А сейчас, кажется иногда, и слава Богу, что этого почти никто не знает, что этой Божьей тайны нельзя людям открыть, пока сама не откроется. Самый свежий родник – тот, из которого никто еще не пил: такая свежесть в Аграфах; первый поцелуй любви сладчайший: такая сладость в Аграфах. А все-таки страшно: точно в темноте нам шепчет на ухо Он Сам.
Если Он «всегда с нами до скончания века», то, конечно, не молчит, а говорит, и это всегдашнее слово Его – Аграф. Сердце человека – тоже «незаписанное слово Господне», и того, в Евангелии, может быть, нельзя прочесть без этого.
Тем же будет когда-нибудь Аграф для евангельской критики, чем «досиноптический источник» был для синоптиков, – темным, в светлом доме, окном в ночь Иисуса Неизвестного.

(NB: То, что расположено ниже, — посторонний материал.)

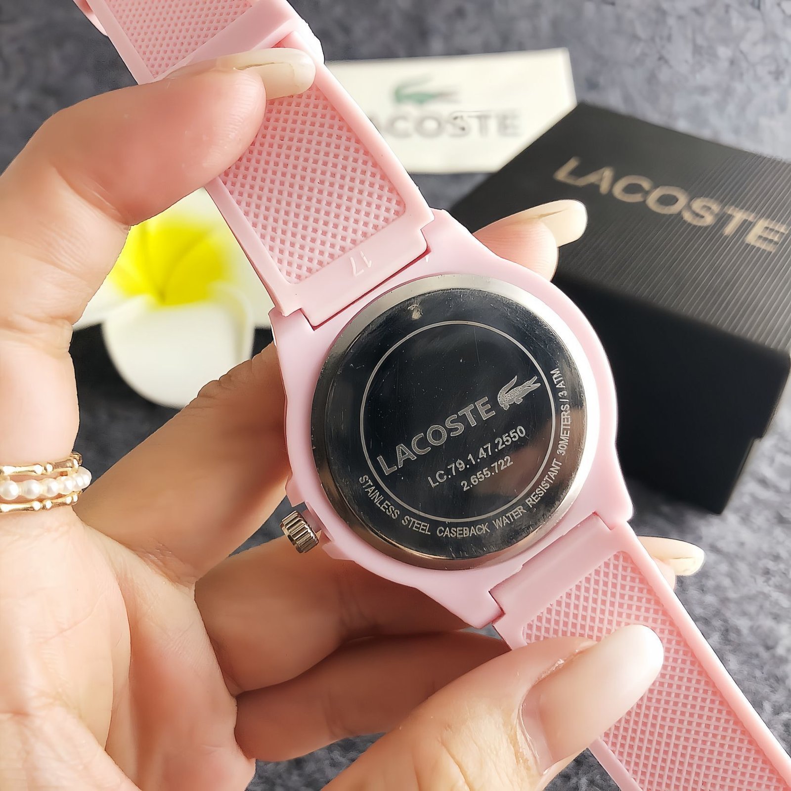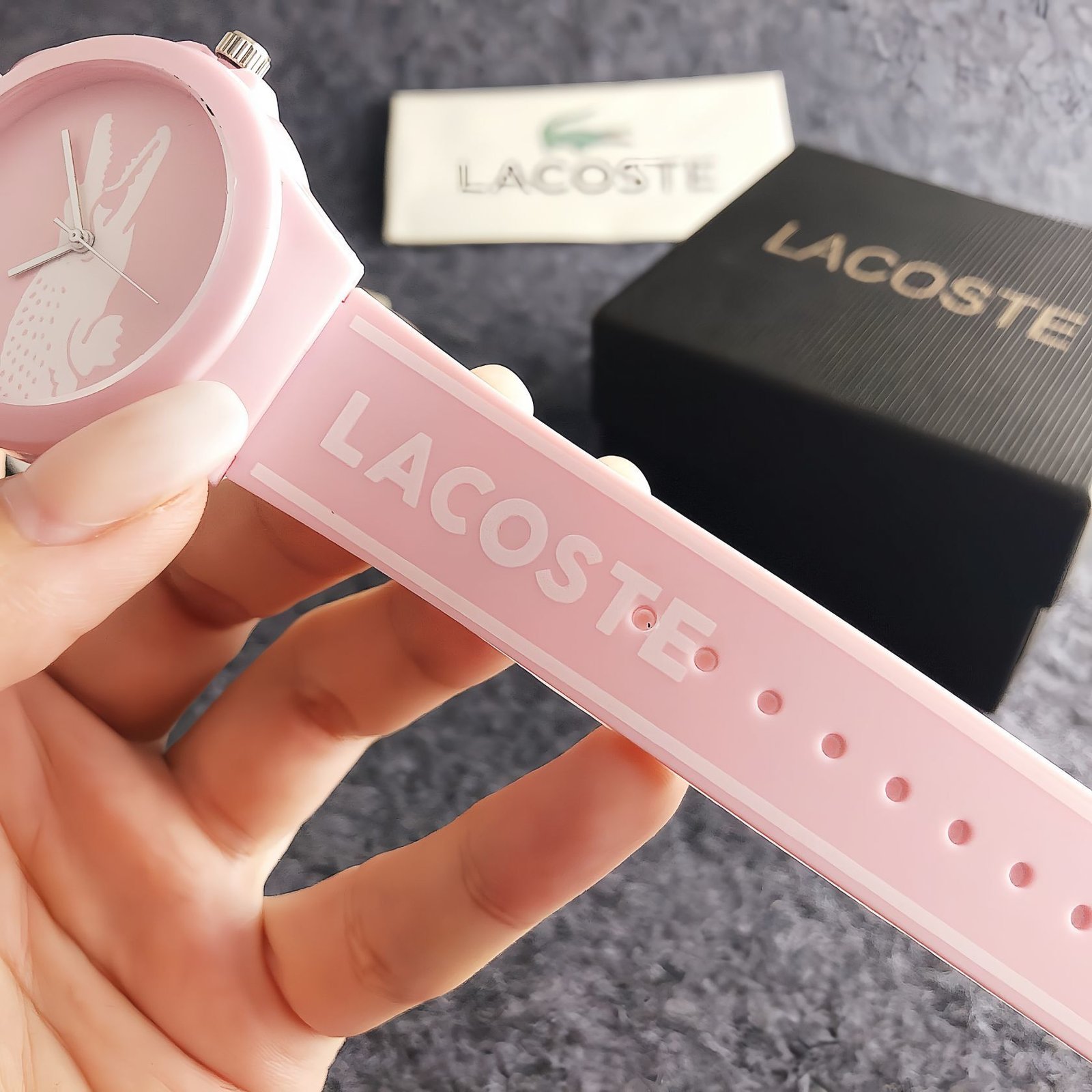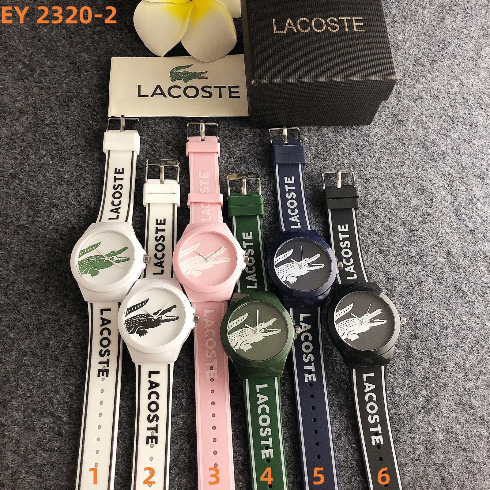 Lacoste LA 2320-2 series watches blend vibrant branding with casual flair. Featuring silicone straps emblazoned with “LACOSTE” and dials showcasing the iconic crocodile motif, they come in lively hues like white, pink, green, navy, and black. Embodying Lacoste’s signature fusion of sporty energy and bold design, these timepieces add a touch of dynamic charm to any look, perfect for those who love eye-catching, brand-centric accessories that stand out in daily wear or casual outings.

С мертвой точки сдвинется евангельская критика, а может быть, и все христианство, только тогда, когда заглянет за черту Евангелия, туда, где последний свидетель соглашается с первым, Иоанн – с Марком, где вместо четырех Евангелий – одно, «от Иисуса», и где, среди восходящих из-за горизонта, невидимых звезд, таинственнее всех мерцает созвездие Креста – оба неба, дневное и ночное, соединяющий знак:
Иисус вчера и сегодня и вовеки тот же (Евр. 13, 8),
тот же всегда и везде – по сю и по ту сторону Евангелия.
XXIII
Девять зеркал: видимых нами – четыре – наши Евангелия, и пять невидимых: общий для Матфея и Луки, досиноптический источник, Q, «два особых» (Sonderquelle), по одному у каждого из них; нижний слой. А, IV Евангелия, и, наконец, самое темное, близкое к нам, зеркало – Agrapha. Девять зеркал поставлены друг против друга так, что одно в другом отражается: одно зеркало, Марка – в четырех – Матфея и Луки – двух видимых и двух невидимых, и все эти пять зеркал – в одном невидимом – Q; и все эти шесть в двух зеркалах Иоанна – в видимом – В, и невидимом – А; и, наконец, все эти восемь – в девятом, самом глубоком и таинственном, – в Аграфах.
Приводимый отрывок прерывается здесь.